In his statement, the Ombudsman for Equality emphasised that person X, who requested the statement, can be considered more qualified for the positions than A or B on the basis of the merits that can be assessed objectively.

This means that both recruitment decisions gave rise to a presumption of discrimination due to the fact that X has a more advanced degree than A as well as more work experience than A or B.

To counter this presumption of discrimination, the employer must be able to demonstrate the justifications used to determine the personal attributes of A and B that made them more suitable for the positions than X – in this case, their ability to cooperate in particular. Since all of the aforementioned persons have worked for the same employer, the employer can evaluate their suitability on the basis of their previous work experience in the City of Y. Since X was not invited to an interview, his suitability could not be assessed on the basis of an interview. This means that the employer cannot refer to the suitability assessment for A that was conducted on the basis of her interview. The specialised youth worker was chosen without an interview.

The purpose of the Equality Act is not to restrict an employer’s right to choose the candidate they consider the best for a job, but to ensure that the choice is not based on the candidate’s gender. In other words, employers have the right to make the choices they feel are most appropriate. They must, however, be able to justify that the decision is based on the factors necessary for the successful performance of the work.

The Ombudsman for Equality noted that the Equality Act obligates employers to assess, for the purposes of their recruitment decision, the merits of an applicant or at least provide the applicant with the opportunity to present them. The applicant is personally responsible for ensuring that the employer receives the necessary information. On the other hand, the employer cannot attempt to be released from their liability for the type of discrimination referred to in the provision by investigating or assessing the applicants’ merits in an inadequate manner.

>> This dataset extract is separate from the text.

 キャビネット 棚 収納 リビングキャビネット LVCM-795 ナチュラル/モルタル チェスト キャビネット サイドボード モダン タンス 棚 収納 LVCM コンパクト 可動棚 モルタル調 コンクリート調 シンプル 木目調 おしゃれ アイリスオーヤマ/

Based on the reports submitted on the matter, it can be concluded that X did not append a CV or work references to his applications. As was stated previously, the applicant is personally responsible for ensuring that the employer receives the necessary information.  The initial assumption is that the information that an applicant includes in their application is truthful. The applicant can be asked to present their degree and work certificates at a later stage of the selection process, for example during an interview. Instead of asking X to supplement his application during the selection process, the employer stated in their report that “the information provided by X on his work history and the application documents we received did not provide any such information or prove any such merits that would have warranted inviting him to an interview or selecting him directly as the most qualified applicant to the fixed-term positions that were open at the time”.

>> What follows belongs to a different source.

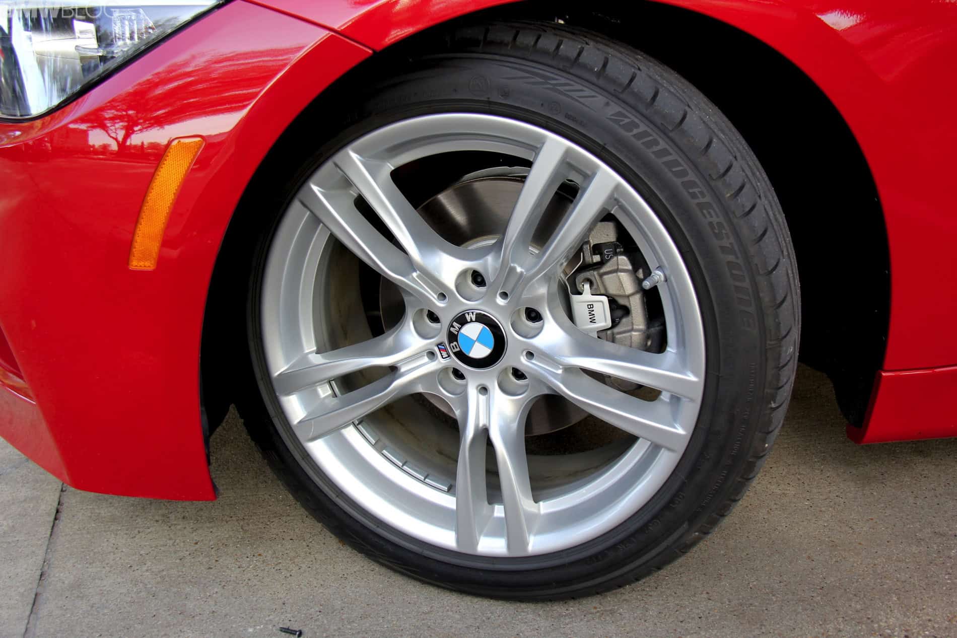 The $3,500 M Sports Package is money well spent in my book. The sportier appearance is only part of the deal — the suspension is much tighter, and the M Sport Steering Wheel with shifting paddles gives you great control without moving your hands off the wheel. Adding the Dynamic Handling Package for $1,000 sharpened the steering and added adjustable dampers. Now you have a much better steering setup than what comes in the base F30 3 Series. With adjustable side bolsters, the M Sport seats really hold you in place — something we came to enjoy from a BMW. The M Sport Package came with Style 400 18-inch wheels and summer performance tires. These were very grippy until one hits some snow and ice — then not so much. Time to pull off the highway and wait for the winter storm to pass.

The employer’s actions must be based on the appropriate and impartial evaluation of a person’s merits. Careful and equal compliance with the chosen recruitment process is the prerequisite for ensuring that the selection process is compliant with the Equality Act. The Act does not, however, mandate the inclusion of any specific formalities during the recruitment process.

The Ombudsman for Equality’s written inquiry process does not allow for the assessment of the suitability of the persons involved for the positions at hand. The actual presentation of the evidence concerning the suitability of the parties’ merits for the positions will take place in a district court in a compensation claim case against the employer, if the parties are unable to settle the matter by other means.